Incorporation of a partnership into a limited-liability partnership (LLP) brings rewards in the form of some liability protection and recruitment advantages, but it also carries costs. One of these is the requirement to prepare and file audited financial statements. However, what may seem an onerous burden for many firms not used to this regime does have some useful by-products.
One of the key requirements for LLPs is an audit of their financial statements by a registered auditor. While a number of law firms have already converted to LLP status, and with many more considering the transition in the near future, relatively few firms have yet had an audit. This is due to the 22-month lag from initial incorporation to the first deadline for filing audited accounts. While accountants typically provide many law firms with some form of report or opinion on their partnership accounts, only a few elect to have their accounts audited fully. As a result, few law firms understand the implications of a full audit and many are at risk of being surprised by the level of rigour required.
Initially, law firms saw the need to have audited accounts as a cost and a ‘necessary evil’ of becoming an LLP. However, the rigour and challenge being applied as part of the audit and receiving an external opinion provides members of LLPs with added comfort.
An audit should enable the auditor to provide reasonable assurance that the financial statements, taken as a whole, are free from material misstatement. The auditor is required to perform specific work so as to provide an opinion that the financial statements of the LLP give a true and fair view of the state of affairs of the limited-liability partnership at the year-end date and of the profit for the year then ended and have been properly prepared in accordance with the Companies Act 1985 as modified by the Limited Liability Partnerships Regulations.
Points to consider when preparing LLP financial statements are:
- Which periods will need to be covered in the LLP’s financial statements? While this might appear straightforward, the matter is not clear-cut. The current Exposure Draft of the Statement of Recommended Practice (SORP) on Accounting by Limited Liability Partnerships, which provides guidance on the application of accounting standards to LLPs, provides provisional guidance in this area. Assuming the proposals are accepted, an LLP’s first financial statements may well end up covering the firm’s results and cashflows for three different periods, some of which may include amounts predating the actual conversion to an LLP.

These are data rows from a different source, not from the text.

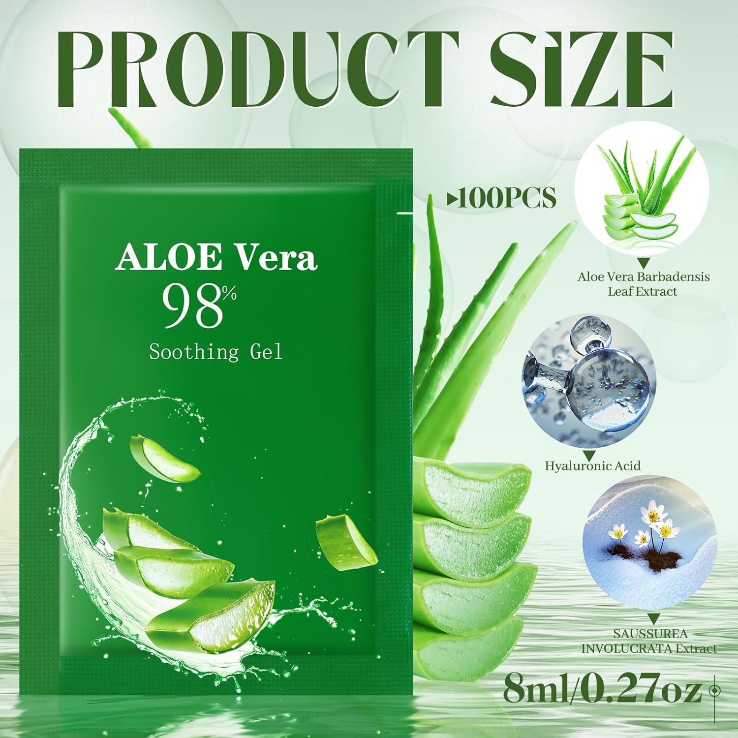 100 Pcs Travel Size Aloe Vera Gel 98% Organic After Sun Moisturizer for Face, Body, Soothing Hydrating Lotion Bulk for Travel, Summer Vacation, Sunburn Relief, Skin Care Gifts
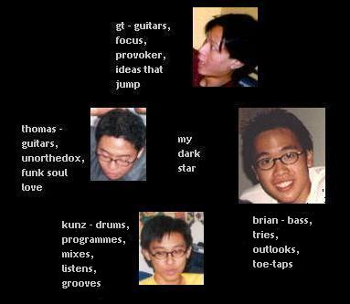liver.mp3 - my dark star shahrul - vox gt - words, guitars, programming thomas - wurlitzer patch, guitars, solo brian - bass kunz - recording, post production, making it fall in place we've been rehearsing these four songs and working titles : egyption sounding song : we got this one written in one day, and we've been practicing it. it probably sounds pseudoly middle eastern. it's pretty driving and gives me cramps when i play bass. thomas and gt do a take on vocal harmoney for this one penetrate : thomas wrote this song, and i think we have a good final version of wot we want it to sound like. interesting arrangement too. overkill : i really love the introduction for this one. originally, gt used an ebow to play something very dissonant, and kunz backs him up with a strong, steady drum take. after two bars, thomas and i come in really strong. my bass is droning while thomas cranks up the rhythem work. gt plays some delay-ish single notes that really add an edge. the breakdown is also super melodic. new technology : a pretty old song. but still, i reckon it sounds great live and we enjoy playing it. a gt number, and it really shows. kunz does tippy beats for this, and it was going thru a phase where we wondered if we could do some fusion dance thing. it dosent sound so electronic, and i think it makes an interesting rock song. |
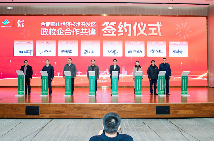 招生就业处负责人在发言中表示,合肥蜀山经济技术开发区作为国家级经济技术开发区,产业基础雄厚、企业集聚效应显著,人才需求持续旺盛,已成为众多高校毕业生就业创业的优选之地。学校高度重视此次校企合作,希望以签约为契机,进一步深化产教融合,共建协同育人体系,推动资源互通共享,打造一批具有示范效应的实习就业基地,围绕区域产业发展需求拓展合作领域,携手共筑政校企合作新高地。
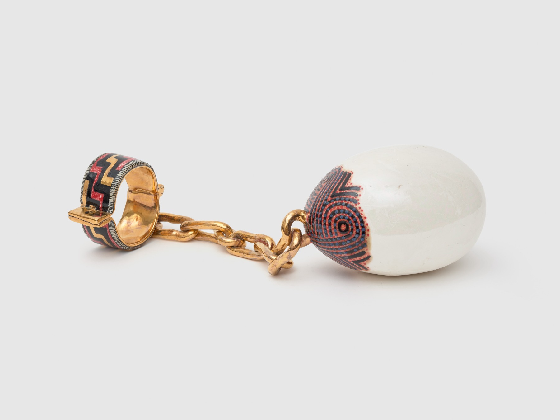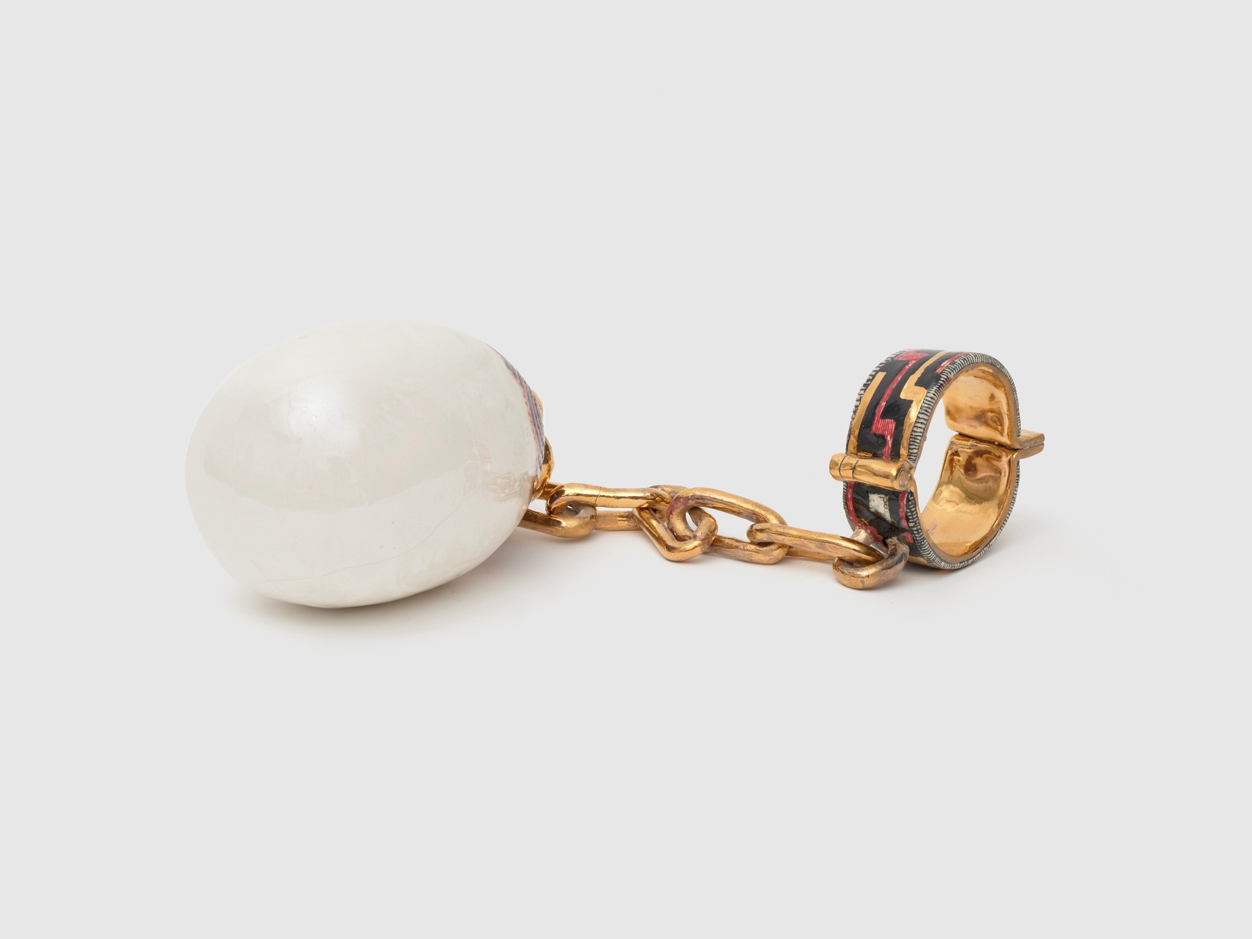 In this show, Layton’s works are all two-dimensional, and Skuja Braden’s are mostly three-dimensional, except for two wall pieces. I wanted to create groupings that flowed harmoniously—so in the back room I built a table grouping the cream-ground vessels with bright colors together. I also placed some of Skuja Braden’s more overtly political works, like the egg and chain pieces and figures that look like they’re screaming or crying, near Layton’s King Lear drawing. Those works connect really strongly.
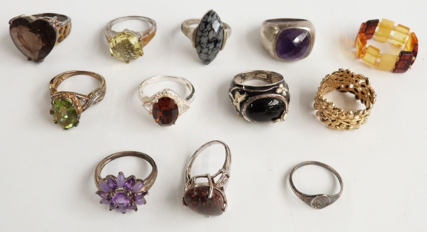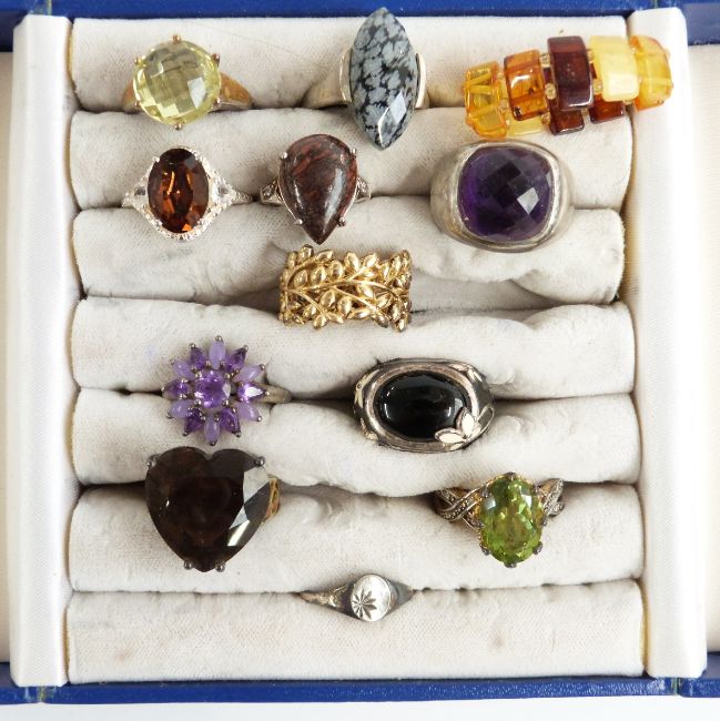 Eleven silver rings set with various gemstones, natural glass, quartz, etc

- The firm will need to produce financial statements comprising a profit and loss account, a statement of total recognised gains and losses, a cashflow statement, a balance sheet and notes to these statements. Furthermore, within the annual report, the members will be required to confirm that they take responsibility for these financial statements.
- The statements will need to comply with accounting standards, which comprise Financial Reporting Standards (FRSs), Statements of Standard Accounting Practice (SSAPs), UITF Abstracts and the SORP. This body of accounting knowledge runs to in excess of 1,000 pages and it is constantly being changed and updated, particularly at the current time, as standards converge internationally.
Firms will need to ensure that they have sufficient time, resource and technical expertise to prepare the financial statements.
A significant amount of planning and collaboration between the firm and its accountants is required to enable the audit to be performed and to ensure that a clean opinion can be provided.
Many law firms are beginning to see the benefits of the assurance and assistance that the accountants can provide and, as a result, are realising some value from the LLP’s audit requirements.
Law firms will need to clarify at an early stage the support and evidence that their auditors will need to enable them to provide a clean opinion on the statements. Some specific areas where auditors may require independent evidence are when the firm has annuities or defined benefit pension scheme arrangements. In such cases the firm may well need to arrange for actuaries to value the assets and liabilities relating to these arrangements.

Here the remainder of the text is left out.